Sedangkan untuk even-even perorangan, hanyalah dianggap sebagai laga latihan. Nyatanya prestasi tenis Tiongkok memang tak berkembang secara signifikan, berbeda dengan cabang olahraga lainnya.
"Untuk bermain perorangan memang berat. Karena saya harus menyiapkan segala sesuatunya sendiri. Dari memilih pelatih, mengatur latihan, juga jadwal latihan, sampai jadwal latihan. Saya benar-benar membayar jalan saya sendiri,” ujar penyuka the tarik itu seperti dilansir
Asia Mag.
Tak hanya Li Na yang kecewa. Banyak pihak yang mengandaikan, jika saja 10 tahun lalu Li Na tak terjebak oleh sistem olahraga di negaranya. Bukan tak mungkin dia sudah menjadi petenis paling ditakuti saat ini. Talenta yang dimiliki Li Na dinilai sangat luar biasa dan sudah diketahui sejak kecil.
Tercatat saat 2002 yang berarti dia masih berusia 20 tahun, Li Na sempat memutuskan untuk pensiun. Dia memilih masuk kuliah. Kemudian jelang Olimpiade di Beijing, asosiasi tenis Tiongkok membujuk agar Li Na kembali turun ke lapangan.
Barulah untuk menghadapi Olimpiade itu dia mendapatkan kebebasan dalam berlatih, termasuk memilih pelatih.

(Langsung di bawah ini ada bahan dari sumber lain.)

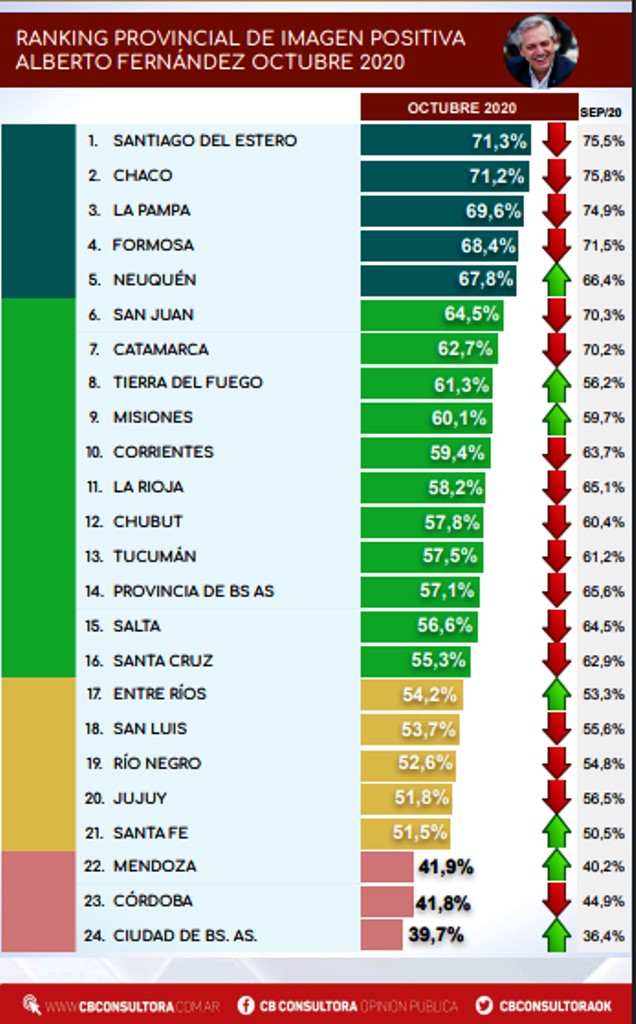 El presidente Alberto Fernández posee su imagen positiva más alta en la provincia del Santiago del Estero (71,3%) y su imagen positiva más baja en la Ciudad Autónoma de Buenos Aires (39,7%). La provincia donde más aumentó su imagen positiva con respecto al mes anterior es en provincia de Tierra del Fuego (+ 5,1 puntos), mientras que en la provincia de Salta es donde más bajó su imagen con respecto al mes de septiembre (- 7,9 puntos).
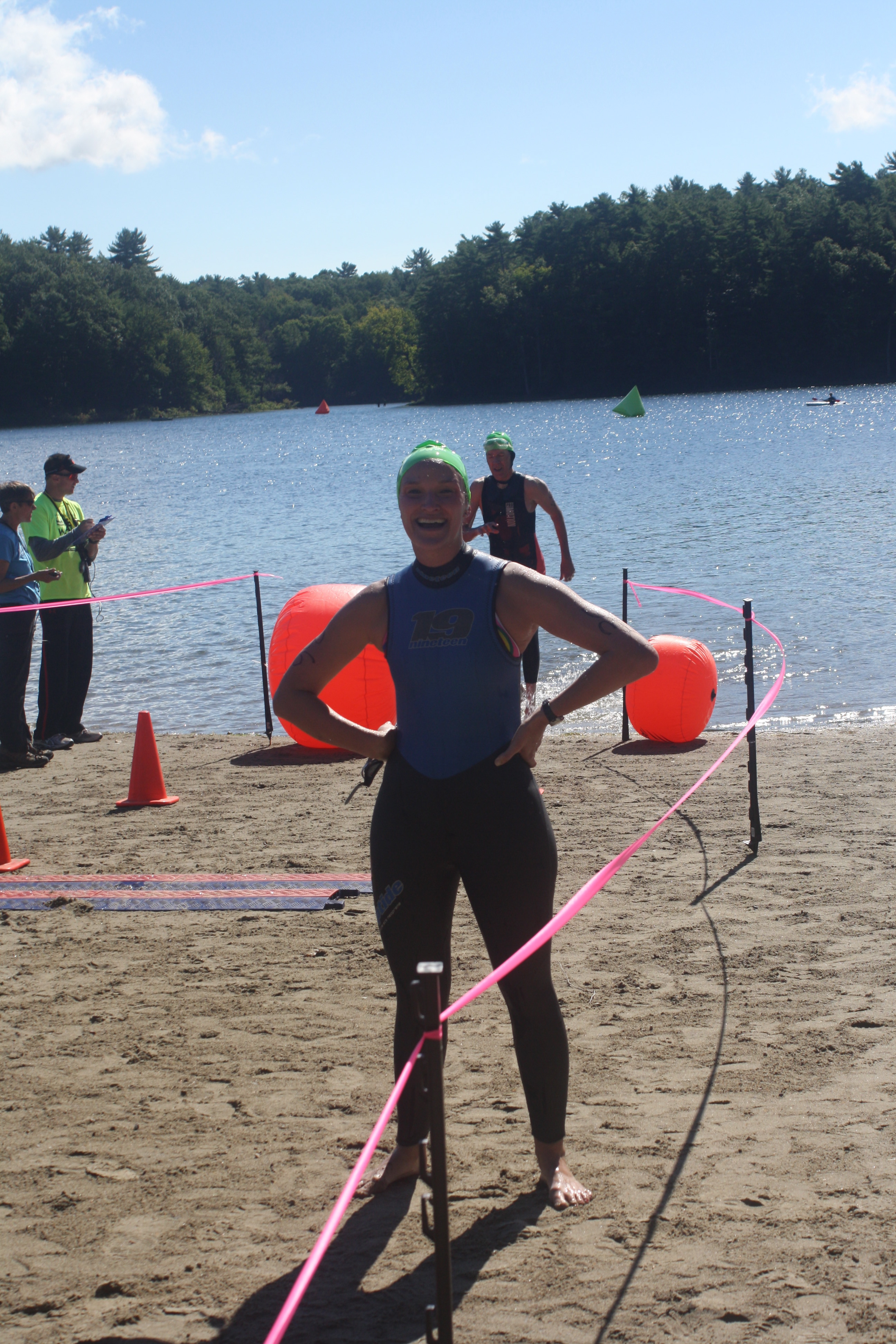 I had been eying past race results, wondering if I could be the first woman out of the water at this small, hometown race. I got that idea out of my head quickly once the race started, as three women zoomed to the front of the pack, which I almost immediately lost sight of. I’d been fighting a cold all week (forced taper, anyone?), and I spent the first 20 or 25 strokes wondering if this race was a bad idea.
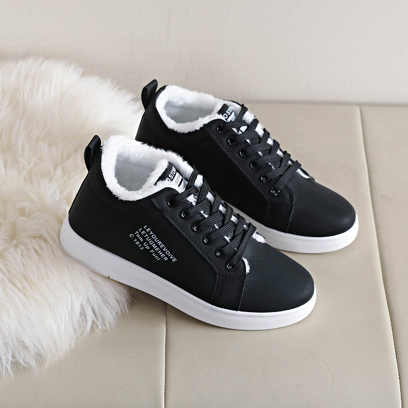 Women's Thermal Winter Shoes - Synthetic Cover Lace-Up Low-Top Boots with Plush Lining & Arch, Warm Brown/Tan Color, Rubber Sole & PVC Cushioning - Cold-Weather Shoes for Winter, Hand Wash or Dry Clean, Faux Cover Exterior, S
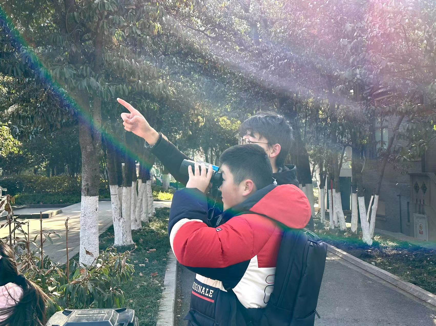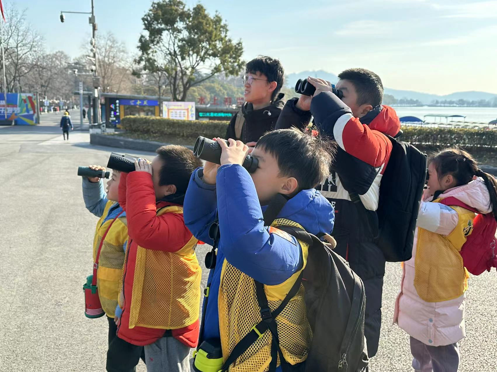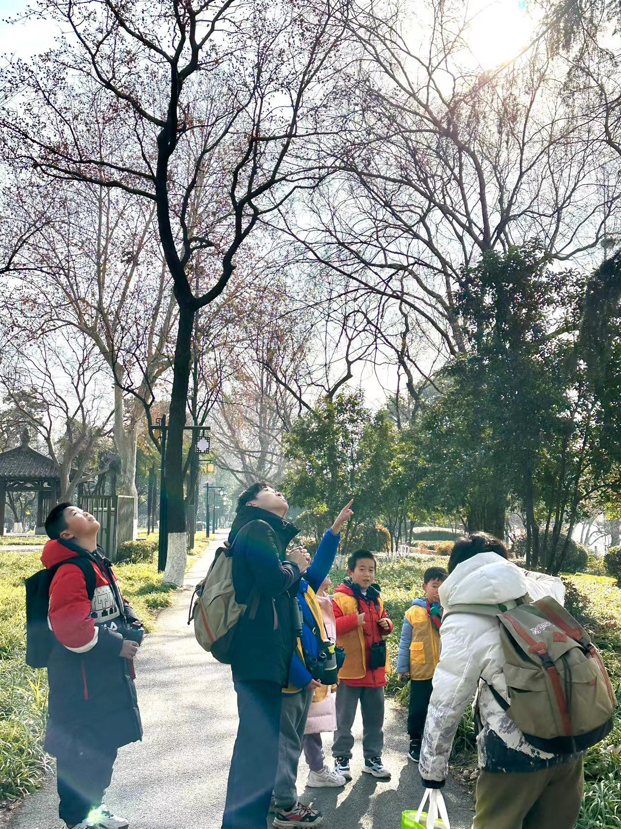 1月24日上午9点,背着书包,拿着望远镜,一群孩子在老师的带领下走进玄武湖公园,开启了当天的自然课堂——观鸟。
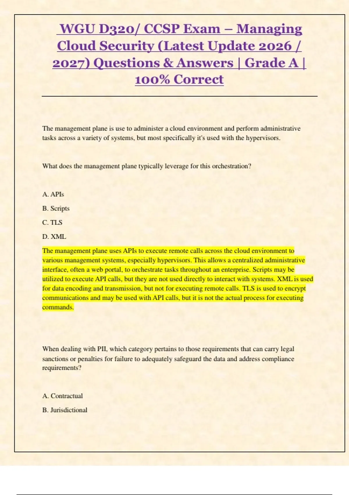 Ace your WGU D320 / CCSP cloud security exam with this comprehensive question-and-answer resource. Carefully curated for the latest 2026/2027 updates, it covers all core topics including cloud architecture, risk management, security controls, compliance, and governance. Designed for fast review, exam prep, and confidence-building, this guide ensures you approach your assessment fully prepared and maximize your chances for top grades.
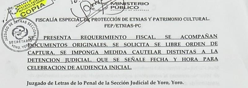 Tegucigalpa, Francisco Morazán. La Fiscalía Especial de Protección de Etnias y Patrimonio Cultural (FEP/ETNIAS-PC) presentó requerimiento fiscal contra Evangelista Orellana Rodríguez por suponerlo responsable del delito de explotación ilegal de recursos naturales, incendio y usurpación en perjuicio del medio ambiente y la Tribu Indígena Tolupán de Liquigue en Yoro.
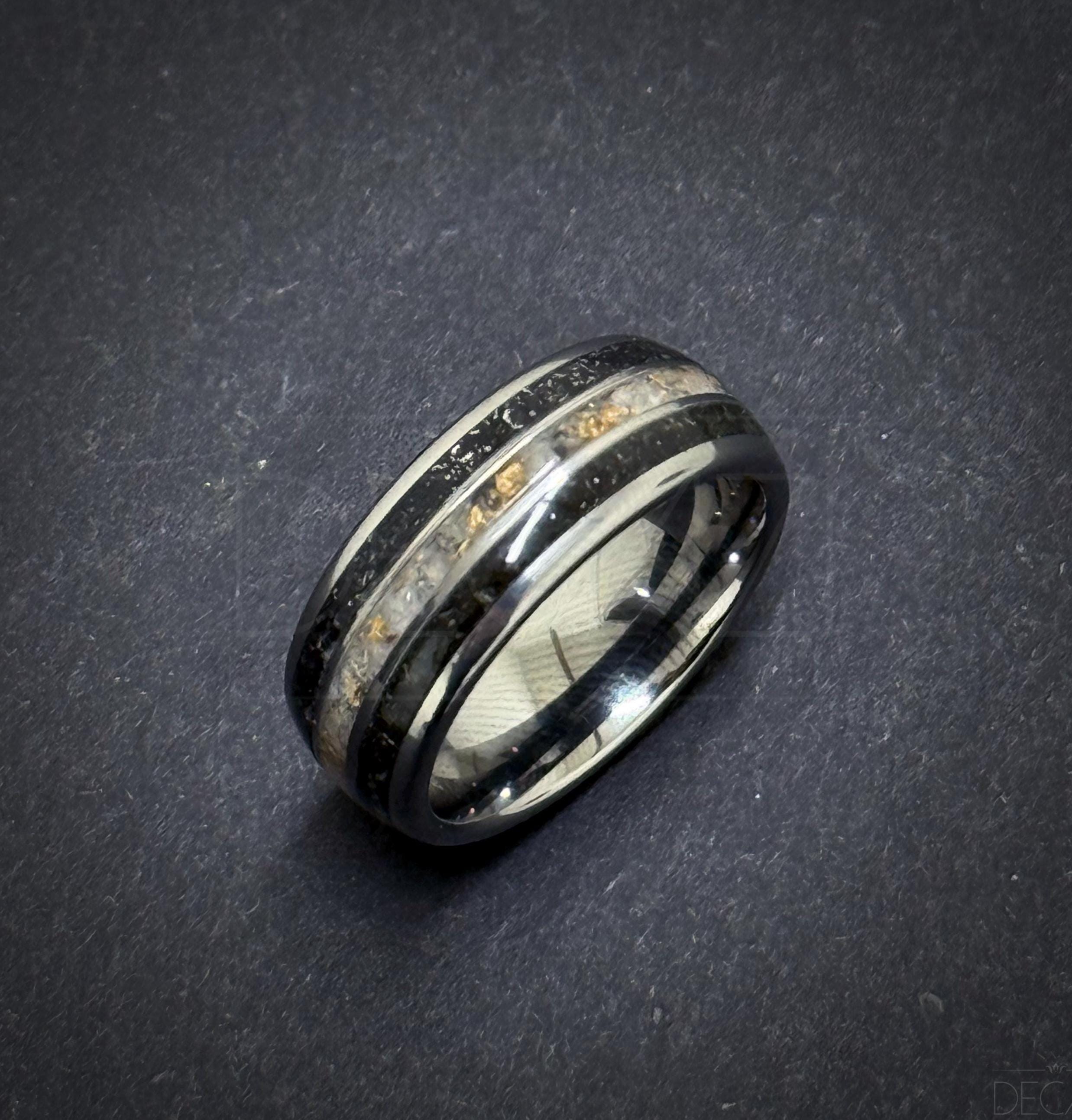 This 8mm silver tungsten band features a “triple” inlay of genuine Moldavite (tektite), Muonionalusta meteorite, and Herkimer diamond, blended with 18K gold leaf for a subtle gold shimmer.
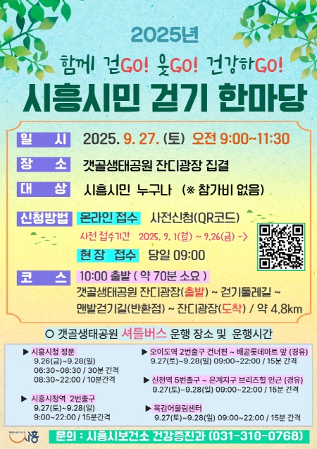 [프레스뉴스] 장현준 기자= 시흥시(시장 임병택)는 시민의 건강한 생활 습관 확산과 활기찬 지역 공동체 조성을 위해 오는 9월 27일 오전 9시, 갯골생태공원 잔디광장에서 ‘2025년 제3회 시흥시민 걷기 한마당’을 개최한다.
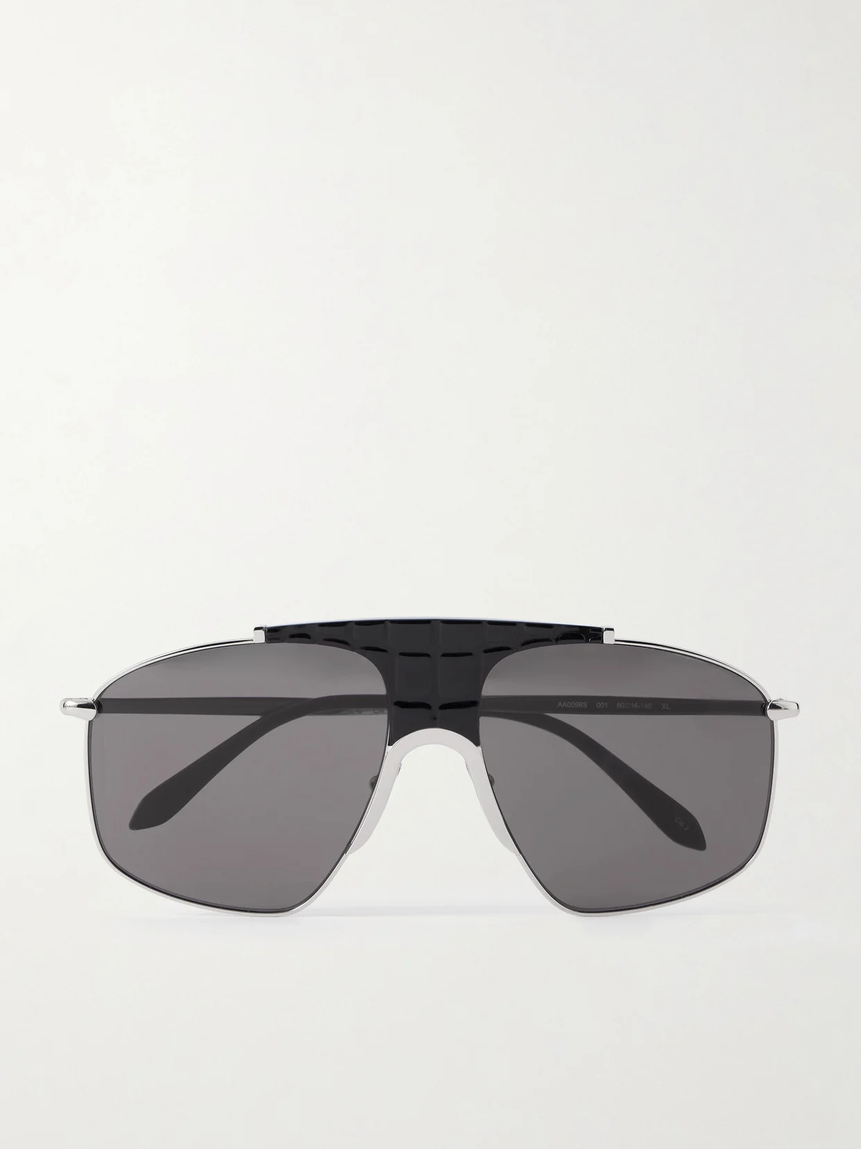 ALAIA Eyewear is famed for directional, forward-thinking design. Made from silver-tone metal, these sunglasses have aviator-style lenses with an acetate bridge, which is mirrored at the end of the glinting arms.
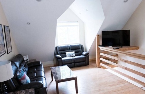 Creekside (our name for this rental) is an inviting two bedroom, two bathroom open living/dining/kitchen space. Guests have remarked that they had everything they needed, including a stack-able washer/drier. It comfortably fits 4 guests but there is a small single bed loft accessed by a built in ladder for a 5th young/spry person, if necessary, bedding included ($45.00 one time charge). The living quarters sit above a three car garage and is surrounded by tall, beautiful pine, birch and chestnut trees. With two bathrooms and two bedrooms plus a fully equipped kitchen it has all you need for your home away from home. You can see wildlife from the back porch and enjoy the shade of the beautiful trees when you return from a day of sightseeing or adventure. It is tucked away in a wooded area, with Woodland creek running behind it. This creek is shallow and on the other side of our yard fence. Sitting on the deck in the evening while cooking on the gas grill is an extra treat. Although it feels like you are miles away from town, Creekside is in fact walking distance to downtown Kalispell for fine dining, shopping, spas, cafe's, Kalispell Center Mall, churches, museums, Woodland Park is less than a block away. It is the home of many gardens and a lovely ponds, Ice Skating in the winter, Waterpark and swimming pool in the summer plus a skate park and running/walking paths. Softballs fields and the famous historic Conrad Mansion are also in the neighborhood. We also rent a larger house up the hill called Park Place- together the two places make a perfect spot for family reunions. Well behaved pets are welcome ($75/stay), please see Pet Policy for more details. Though there is a fence around the yard it is not necessarily designed to contain pets. Guests will need to make other arrangements for pets. There is a one car garage space available for our guests below the Creekside rental.
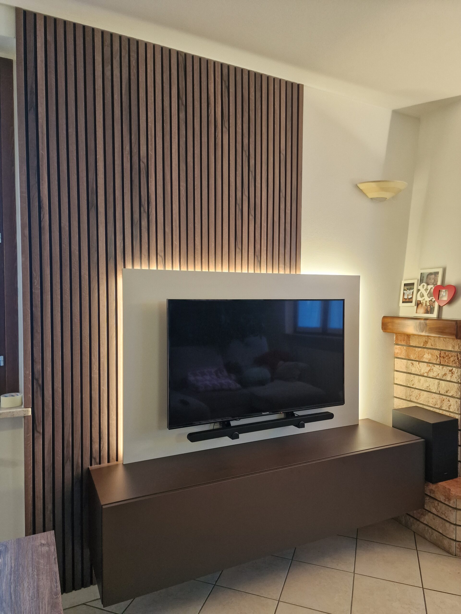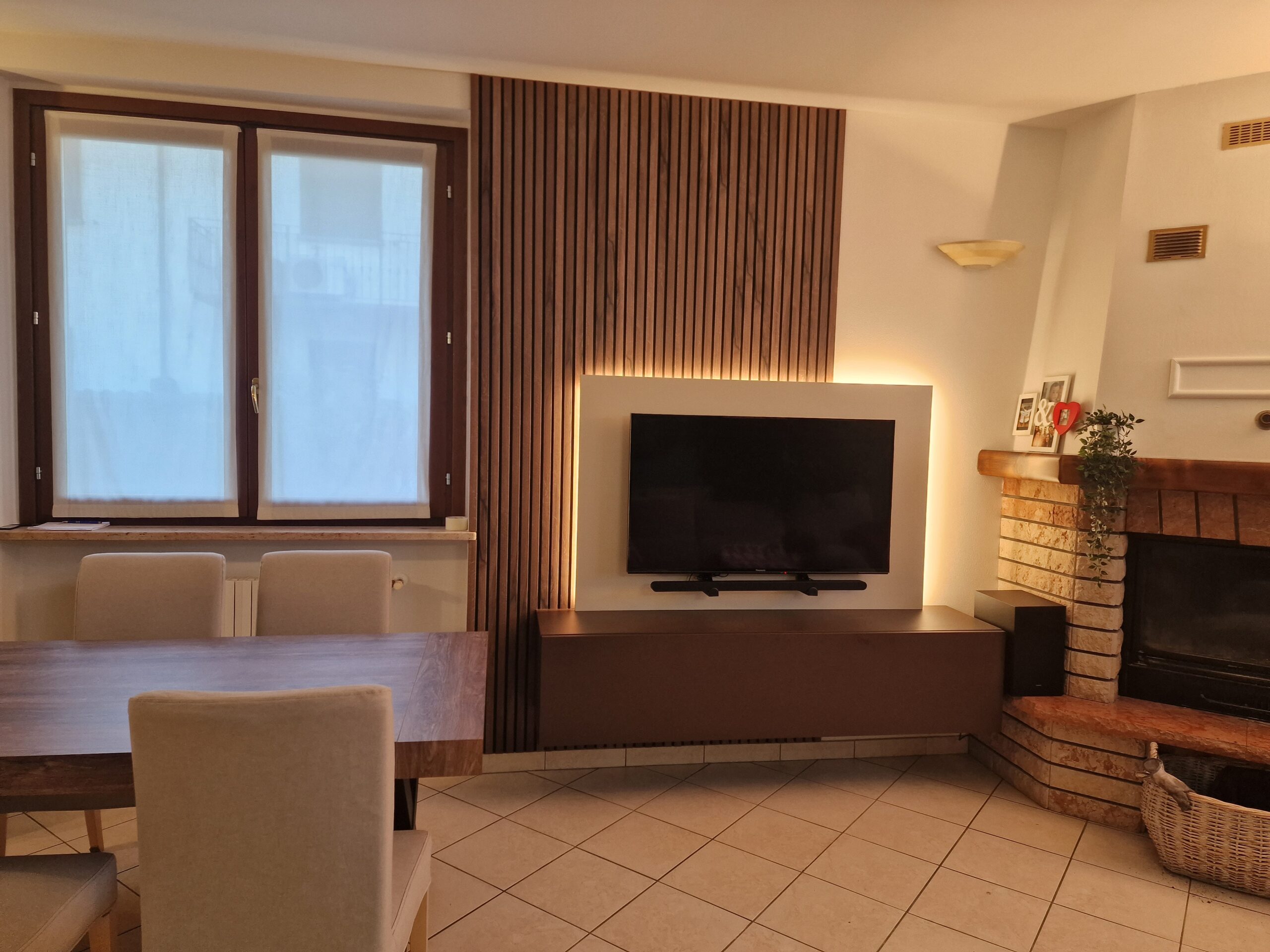 Il Soggiorno: Texture, Luce e Convivialità Spostandoci nell’area living, l’attenzione viene subito catturata dalla parete TV, progettata per integrarsi con grazia accanto al preesistente camino in mattoni. Il Mobile TV San Giacomo, declinato in una sofisticata finitura Caffè opaco, poggia visivamente sui magnifici pannelli cannettati in legno posizionati a parete. Questa boiserie a listelli, impreziosita da una calda retroilluminazione a LED, dona una vibrante tridimensionalità e un tocco di assoluta tendenza all’intero ambiente. A fare da fulcro alla zona conviviale spicca il Tavolo Post di Zamagna. Con il suo design solido e il piano materico, rappresenta l’elemento di congiunzione ideale tra la purezza delle linee del mobile living e l’anima più tradizionale del focolare.

Nyatanya Li Na masih bisa bersaing. Pada 2006 dia menjadi petenis Tiongkok pertama yang sanggup masuk 30 besar dunia, setahun kemudian masuk 20 besar.
Li Na juga menjadi petenis yang sanggup mempopulerkan tenis di negaranya. Dia ingat benar saat kecil tenis bukan olahraga yang dipilihkan keluarga dia. Mengikuti tren, Li Na kecil belajar bulu tangkis. Nah, saat usia 8 tahun pelatihnya menawari kedua orang tuanya agar Li Na berlatih tenis.
’’Orang tua saya balik bertanya, apa itu tenis,” kenang Li Na seperti dikatakannya kepada
New York Times.
Pertanyaan itu sekaligus menolak ajakan sang pelatih. Belajar tenis baru dimulai enam tahun kemudian, setelah sang ayah meninggal dunia. ’’Dua olahraga ini sangat berbeda. Meski sama-sama menggunakan raket, tapi tekniknya berbeda. Bulu tangkis mengandalkan pergelangan tangan, sedangkan tenis, bertumpu pada bahu,” terang dia.
’’Yang penting orang tak kesulitan lagi mencari nama saya di lembar drawing. Nama saya pendek, terserah mau menyebut Na Li atau Li Na. Saya tahu kalian, terutama bukan orang Tionghoa akan kesulitan,” seloroh dia.